In our earlier article, “Embarking on an AI Journey in Professional Services,” we outline foundational strategies for adopting artificial intelligence (AI), or more specifically Gen AI, in professional services settings. Building upon those insights, we now highlight the strategic importance of initiating AI projects that are modest in scope yet impactful in results.[1] These initiatives can deliver immediate and measurable value, establishing the foundation needed for future applications, such as agent swarms.
Why Starting Small with AI Works
Our initial article highlights the advantage of an AI implementation strategy that begins with manageable projects designed to solve specific, well-defined issues, ideally with known outcomes. These early implementations should seek to address common, repetitive tasks; automate straightforward processes; or reduce the manual workload. This approach quickly demonstrates the potential for measurable improvements and clearly illustrates the practical benefits of AI.[2]
Data Preparation and Quality: Ensuring a Solid Foundation
One key lesson from starting small is the importance of data readiness. Any great AI idea can crumble if the data feeding it is messy or unreliable. It’s best to start with the data available to the organization. However, it’s equally important to ensure the data is clean and well-understood enough to yield meaningful results. Selecting a manageable, high-quality internal data source for the first micro bot/agent sets the project up for success. In practice, this could involve:
- Limiting Scope to Reliable Data: If the firm’s historical documents are scattered and messy, it might be best to begin with a specific repository (e.g., proposals from the last two years) known to be consistent. Starting with this smaller, well-curated data set ensures the AI isn’t overwhelmed by noise.
- Light Data Cleaning: Don’t underestimate the payoff from spending some time checking for and fixing obvious gaps or errors in the data. For example, standardize client names or remove outdated files (e.g., data older than five years unless it is unique in some way). Beginning with a small project means this cleaning work should not be overwhelming, and it will likely dramatically improve the AI’s accuracy.
- Known Outcomes as a Guide: Choose pilot projects where it is known what a “good result” will look like. This may mean using data that has been used in the past to produce a correct solution. This way if the AI wanders off track, it is clearly evident and the project can be easily course corrected.
A focus on data quality minimizes risk. When data is clean, the micro-agent can showcase AI’s value without getting tripped up by avoidable data issues. Essentially, ensure the footing is solid before the bot takes its first steps.
Real-World Use Cases: AI in Document Retrieval and Legacy Content
Consider two illustrative examples of agents or targeted AI implementations that have the potential to consistently deliver significant benefits across various professional services:
- Intelligent Document Retrieval and Review Agent: Leveraging AI for efficient and accurate retrieval of historical documents, relevant data, and key insights can dramatically streamline the proposal development and review process. By swiftly accessing pertinent information, organizations can reduce response times, enhance document accuracy, and refocus human efforts on strategic analysis and client engagement. Say goodbye to Control F!

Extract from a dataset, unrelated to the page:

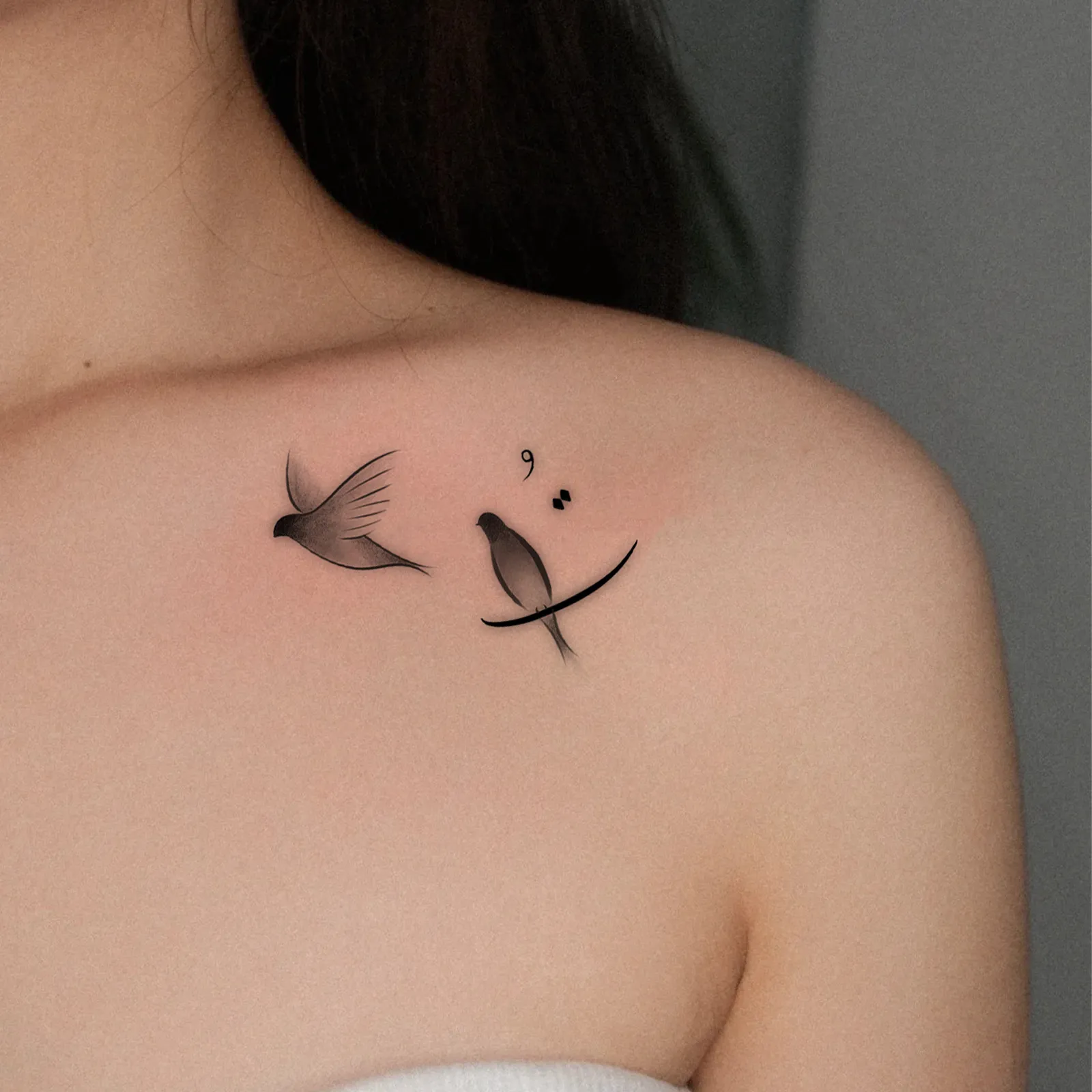 Minimalist Swallow & Semicolon Temporary Tattoo

- Legacy Content Utilization Agent: Employing AI to rapidly search and analyze historical project data has allowed professional services firms to identify reusable insights and patterns efficiently. This accelerates decision-making, reduces redundancy, and elevates overall service quality and consistency. In practice, this means a consultant might quickly uncover how a similar issue was solved two years ago, saving time and effort.
These examples underscore the tangible, quantifiable value of targeted AI in professional services settings. By slowly improving efficiency and freeing staff to focus on higher-value work, small AI bots can build confidence in broader AI initiatives.

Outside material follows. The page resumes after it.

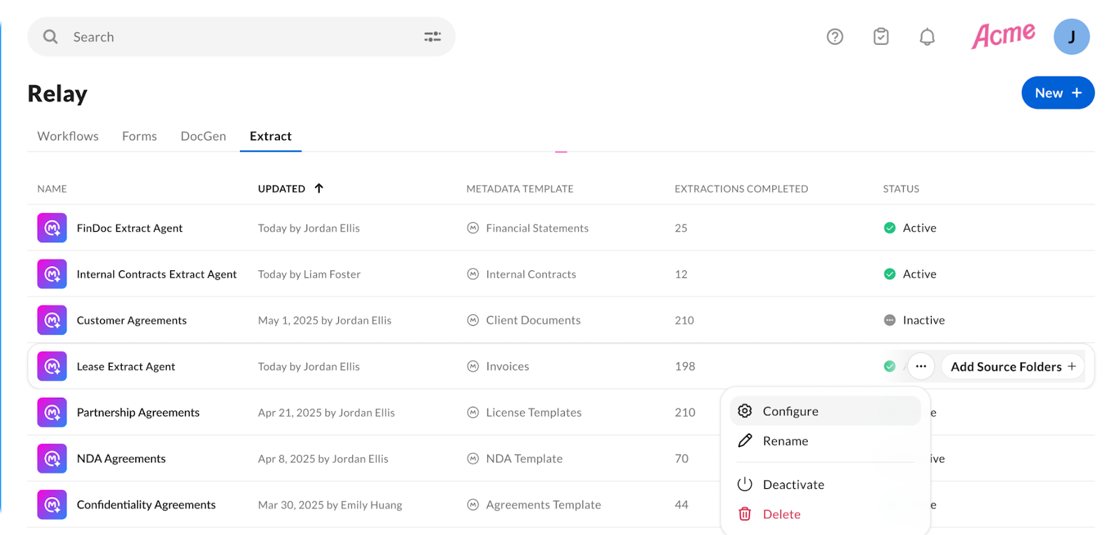 Box Extractダッシュボードでは、特定のエージェントのをクリックすることで、抽出エージェントを構成できます。

Failing Small, Learning Big: Lessons from AI Pilot Projects
Not every experiment produces great results, and that’s okay. Starting small means that if something doesn’t work out as expected, the impact is contained and becomes a learning experience rather than a major failure. As the organization begins its AI journey, it’s important to treat each pilot as an opportunity to gather feedback and learn those early lessons.
Key principles when facing an AI setback:
- Analyze Why, Adjust How: Dig into whether the issue was due to data quality, the model approach, or even user adoption. Was the data not as clean as assumed? Did the agent need better instructions? Understanding the root cause guides the next step.
- Pivot, Don’t Scrap: Instead of abandoning AI efforts, pivot. For example, if a customer support bot wasn’t very accurate, narrow its focus to fewer question types or choose another domain where the language is more consistent. Because these are small projects, making a change is relatively low cost.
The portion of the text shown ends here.